In that Adams 200W sector north of 124, the car was reported to have slid into a residence, with the occupants having left on foot.

Very soon however, a red pickup was spotted in the close vicinity and commands put out for the driver to stop, but with that driver bolting away instead.

This was learned to be a stolen S-10, soon found abandoned near Adams 400N and 600W in another indicated accident.

Allen was the alleged driver of that vehicle.

Adams County and Decatur Police and others helping them formed a perimeter around where the subject had been seen going into a woods.

Officer Morgan and Reno and Officer Ellis went to Adams County perimeter area to assist.

Ultimately, five K-9 units from the area were involved including Wells County Sheriff’s Department Deputy Sheriff Randy Steele and K-9 Alex.

Word came forth soon that the Monroe Town Marshal had spotted a male subject walking along Ind. 124 and took him into custody. This subject was identified as Lyons.

It was close to 5 a.m. at the 400N-600W scene and State Police had been contacted about a helicopter for the search there. A helicopter was dispatched but before it could arrive, it was summoned back because Adams County and Decatur police had seen a subject walking along a fence line and tree line. There were grass tracks indicating someone possible crawling there, and  the K-9 units were called into action, with the subject, identified to be Allen, promptly apprehended then.

With Patrolman Ellis and Garrett between them able to identify Stewart and Lyons, police noted, Lyons also was taken to the Wells County Jail.

Adams County had the charges of its own on Allen and he was jailed there, at least pending the pending charges against him in Wells, Det. Sgt. Cale added.

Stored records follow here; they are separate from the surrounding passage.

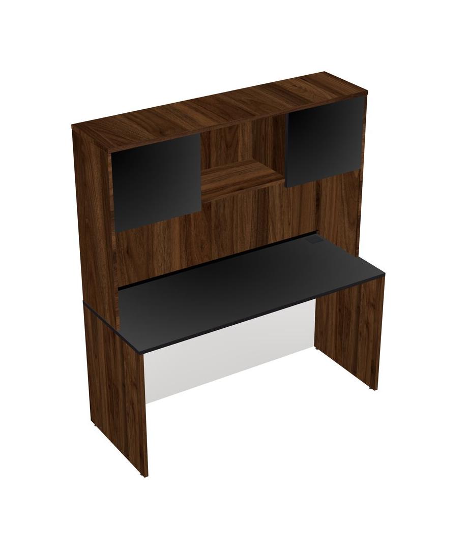 Black Rectangular Office Desk And Columbia Walnut Hutch
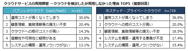 一方クラウド導入の検討において、セキュリティ上の不安を抱える割合が高いという以下のような結果がでています。
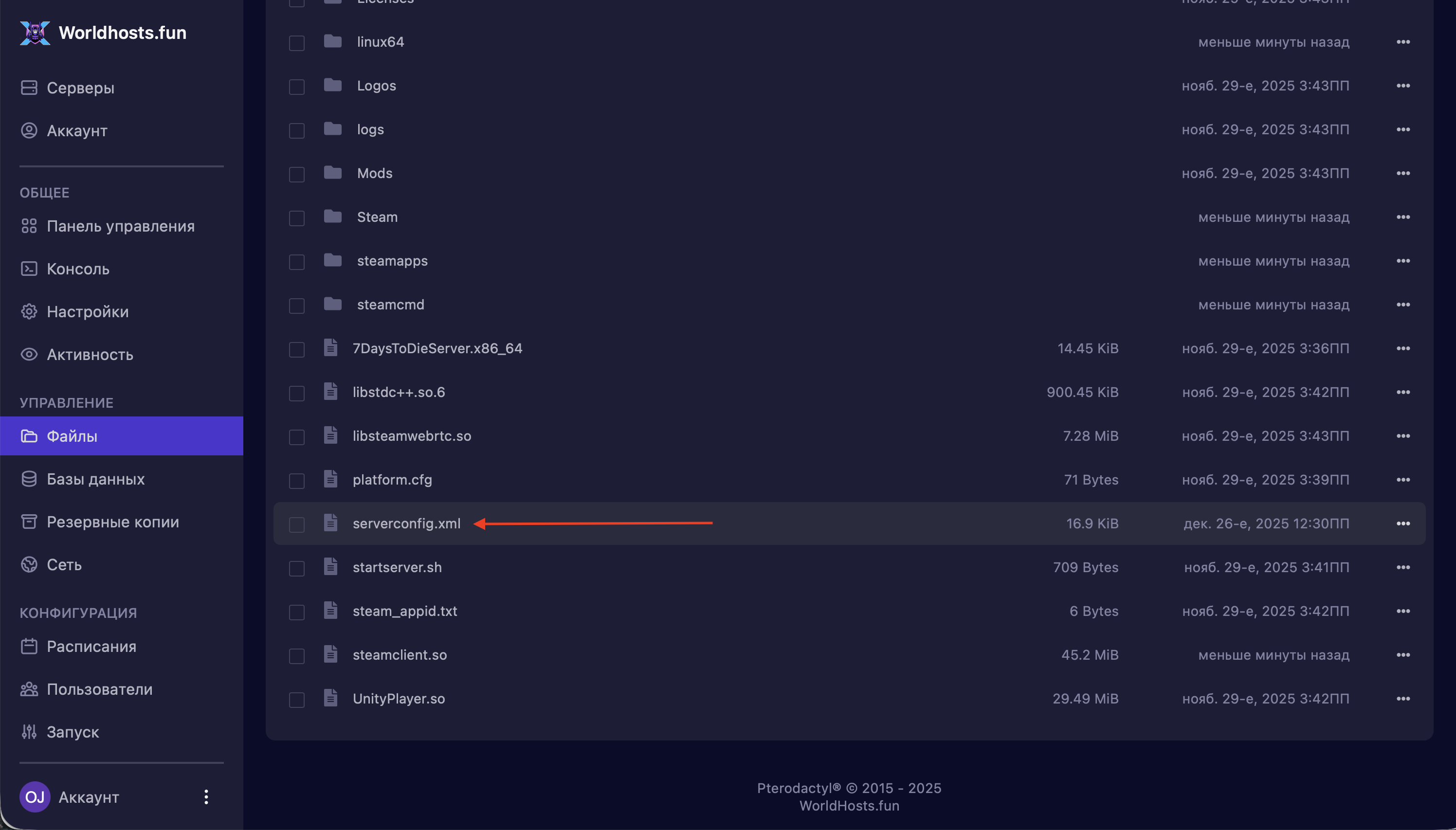 Шаг 2. Переходим в раздел «Файлы» и открываем serverconfig.xml.

In addition to Officers Ellis, Garrett, Cale, Morgan and Reno, Frantz, Miller, Baker and Chief Schaffer of the Bluffton Police, City Patrolman Chris Broderick also took part, as did County Deputy Steele and Alex; and Jay County Police, as well as Adams, Decatur, Monroe and State Police.

Detective Sgt Cale had special praise in the aftermath for the alert action and diligence of initial responding Officers Ellis and Garrett, particularly noting their using police skills and training to deal with a potentially volatile situation -- acting by their alertness and sound procedures to protect the citizens of Bluffton and property here in the darkness hours.

Det. Cale also lauded Bluffton and Wells County Police cooperation and that with law enforcement agencies in Adams County and others.

He noted that this was the second such major matter within months that the workings of all these agencies in the two counties (Wells and Adams) and others all served to “get the job done” and protect the public.